Google signed for space at the massive Northlake 35 Logistics Park developed by Falcon Commercial Development and Clarion Partners in Denton County to support its data center operations. The lease in the small city of Northlake came as the company outlined plans to invest $1 billion in data centers and cloud center infrastructure in Texas.
Nathan Lawrence, a broker at KBC Advisors who leases the property, told Dallas Business Journal the building is now back on the market and fully built out.
“The space is vacant and available now,” Lawrence wrote in an email. “All I have heard is that there was excess capacity.”
CoStar News reported that California-based Google never moved into the space, adding that the company spent millions of dollars outfitting the space.
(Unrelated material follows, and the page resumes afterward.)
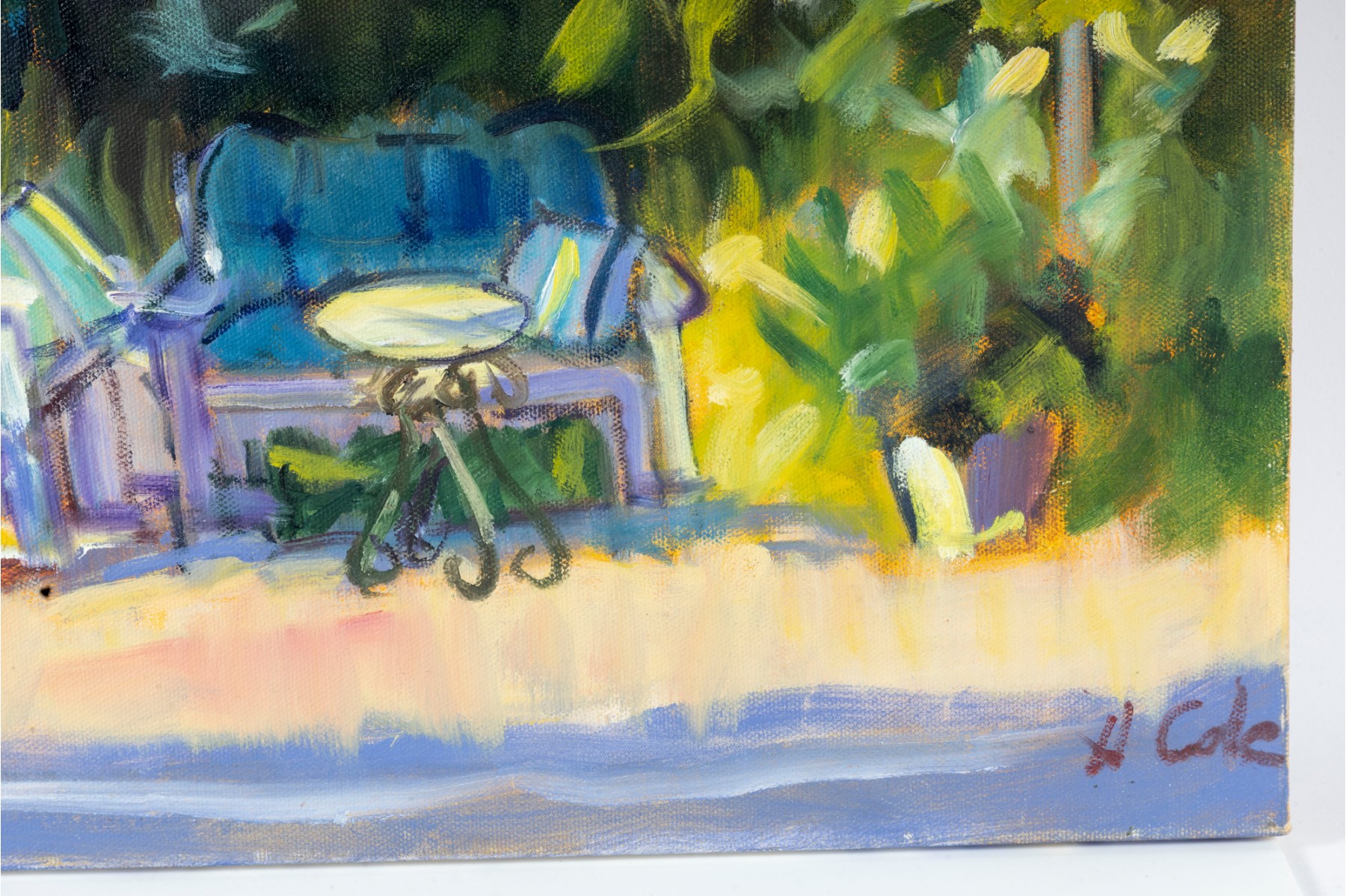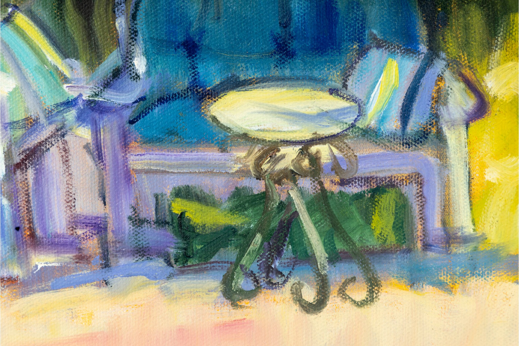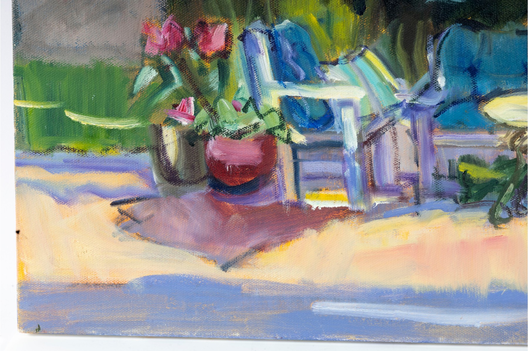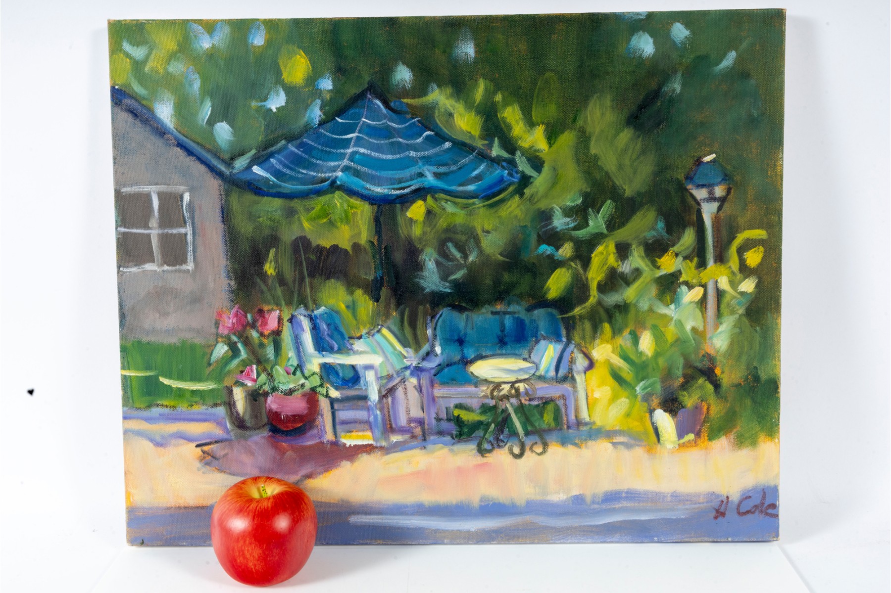 An oil on canvas painting produced and signed by local North Carolina artist Hannah Cole Buie. The painting depicts a bright and colorful scene of a lone patio set, and is presented openly without a frame.

A May 2024 state filing for the project, under the name “Project Beast,” gave an estimated $20.2 million cost.
Falcon Commercial, Google and Clarion Partners did not respond to request for comment.
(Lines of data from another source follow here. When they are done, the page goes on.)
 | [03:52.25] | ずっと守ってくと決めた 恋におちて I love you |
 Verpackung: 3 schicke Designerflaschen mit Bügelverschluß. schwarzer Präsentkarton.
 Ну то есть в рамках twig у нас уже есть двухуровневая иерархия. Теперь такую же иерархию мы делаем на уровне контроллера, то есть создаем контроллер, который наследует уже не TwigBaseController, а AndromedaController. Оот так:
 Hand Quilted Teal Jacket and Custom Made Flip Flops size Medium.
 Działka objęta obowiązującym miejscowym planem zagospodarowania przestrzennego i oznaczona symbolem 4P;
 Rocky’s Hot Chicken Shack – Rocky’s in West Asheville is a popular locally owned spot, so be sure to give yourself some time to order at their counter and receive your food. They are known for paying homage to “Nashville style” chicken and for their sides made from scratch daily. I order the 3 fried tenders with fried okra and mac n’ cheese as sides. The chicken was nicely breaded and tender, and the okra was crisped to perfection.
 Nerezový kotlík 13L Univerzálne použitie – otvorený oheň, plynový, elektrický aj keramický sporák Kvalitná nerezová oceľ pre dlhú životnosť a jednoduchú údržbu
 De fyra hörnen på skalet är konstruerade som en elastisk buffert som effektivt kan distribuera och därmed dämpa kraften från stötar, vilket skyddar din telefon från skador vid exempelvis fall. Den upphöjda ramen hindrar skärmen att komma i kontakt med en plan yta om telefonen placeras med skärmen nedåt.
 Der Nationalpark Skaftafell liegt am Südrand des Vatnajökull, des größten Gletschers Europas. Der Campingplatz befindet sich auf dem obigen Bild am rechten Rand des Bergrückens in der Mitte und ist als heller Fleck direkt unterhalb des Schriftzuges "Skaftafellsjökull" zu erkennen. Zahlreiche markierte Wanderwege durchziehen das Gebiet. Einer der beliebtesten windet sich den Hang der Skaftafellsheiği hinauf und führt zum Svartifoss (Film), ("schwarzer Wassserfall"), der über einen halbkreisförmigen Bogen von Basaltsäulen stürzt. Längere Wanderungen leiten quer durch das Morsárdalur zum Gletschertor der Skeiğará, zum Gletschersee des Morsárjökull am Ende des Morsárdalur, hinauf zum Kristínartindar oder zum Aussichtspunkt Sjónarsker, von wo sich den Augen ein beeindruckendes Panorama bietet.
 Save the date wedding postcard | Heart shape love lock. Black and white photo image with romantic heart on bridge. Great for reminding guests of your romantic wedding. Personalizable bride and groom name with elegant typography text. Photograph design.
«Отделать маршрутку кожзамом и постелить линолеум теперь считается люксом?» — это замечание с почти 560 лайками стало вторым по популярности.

Google still has extensive data operations in North Texas. It has a data centers in Midlothian and Red Oak, south of Dallas. The subsidiary of Alphabet Inc. (Nasdaq: GOOGL) also signed a lease in October for a 1.1-million-square-foot of space in west Fort Worth for data and cloud infrastructure support. The facility is within the 520-acre Majestic Silver Creek Business Park, at Silver Creek Road directly west of Loop 820.
Cody Gibbs, director of market analytics for CoStar, told DBJ both buildings are similar from an operational standpoint, with the same amount of docks and 40-foot ceiling heights.
“Even from a geographic perspective, the two sites are around 55 miles from Google’s Red Oak campus,” Gibbs wrote in an email.
The new vacancy at Northlake 35 Logistics Park adds to a glut of vacant million-square-foot spaces in the region. These available spaces now total about 7 million square feet, and all have been constructed in the past three years, Gibbs said. Of the 31.2 million square feet worth of space in this size range delivered since 2022, more than 30% is still on the market, according to the CoStar researcher.